A slight curve helps rocks make the biggest splash

Researchers were surprised to find that a very slightly curved object produces a more dramatic splash than a perfectly flat one.

When you want to find a rock that will make the biggest possible splash, you might do well looking for one that is ever so slightly curved. This will produce the largest impact force when it hits water, according to a finding that overturns a long-held belief in physics.

Flat rocks may not deliver the most dramatic splash
Julian Brooks/Alamy


The discovery was made by Jesse Belden at the Naval Undersea Warfare Center in Rhode Island and his colleagues, who set out to examine the idea that a flat object produces the greatest impact on water.

Instead, they found that a slight curve produced the largest effect. “It was kind of surprising for us to learn,” says Belden.


He and his team measured the impact force generated from dropping a half-kilogram aluminium cylinder from different heights into a fish tank-like container of water about a metre deep. The cylinder was fitted with various shapes of nose caps, ranging from perfectly flat to very curved.

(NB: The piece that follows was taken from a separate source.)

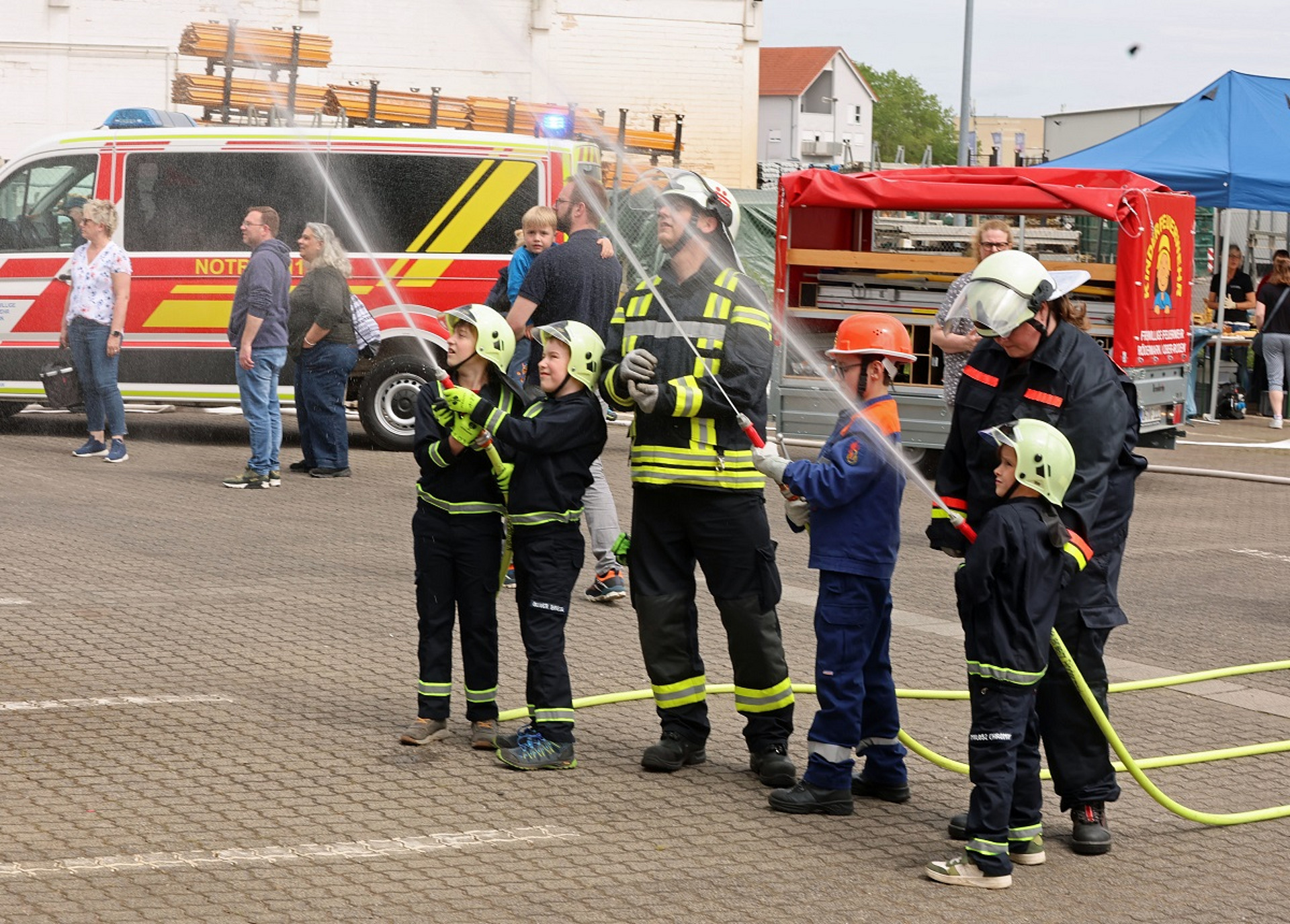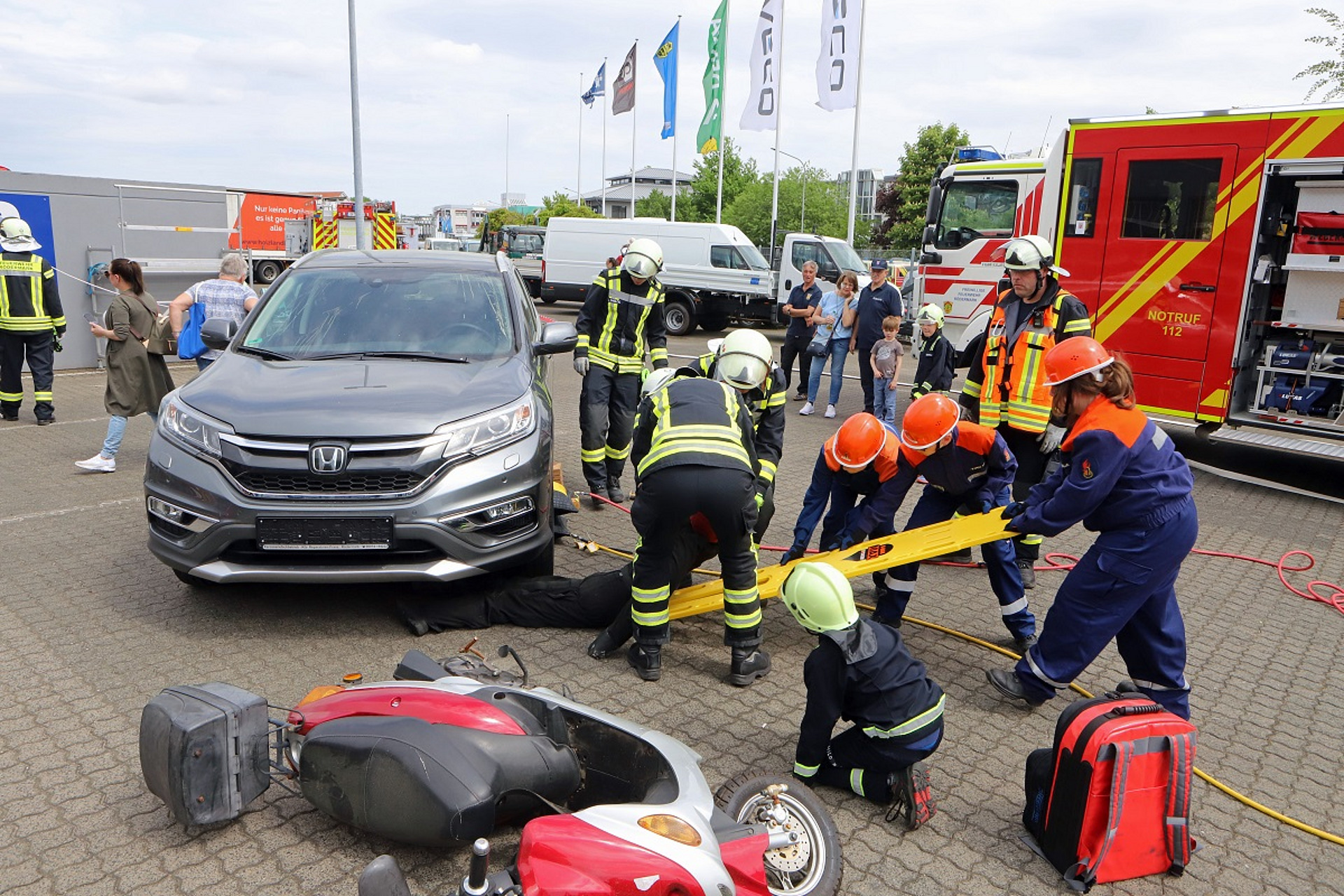 Schauplatz der Einsatzübung mit insgesamt 72 großen und kleinen Lösch- und Bergungsspezialisten war das Gelände der Firma Gundlach Nutzfahrzeuge an der Carl-Zeiss-Straße. „Wir sind dem Unternehmen sehr dankbar für die vielfältigen Möglichkeiten der Simulation, die wir dort großflächig nutzen konnten. Für uns war es die erste Aktion dieser Art seit sechs Jahren“, erläuterte Birgit Weber, die das Szenario der unterschiedlichen Herausforderungen gemeinsam mit ihrer Tochter Jenny erdacht und federführend koordiniert hatte.

As expected, they found that the perfectly flat nose cap produced a high-impact force. “But the surprising piece was that when we gave a slight positive curvature to the nose, extremely slight, that the force was even higher than if the nose was completely flat,” says Belden.


By using high-speed underwater cameras and complex calculations, the researchers learned that this was down to an air cushion that is produced at the point of impact by various shapes, softening the blow.


Very slightly curved objects produce a slightly thinner cushion than any other shape tested. This tiny variation has an outsized effect: it can increase the force generated on impact with water by more than 100 times compared with a perfectly flat nose and two times compared with a spherical nose.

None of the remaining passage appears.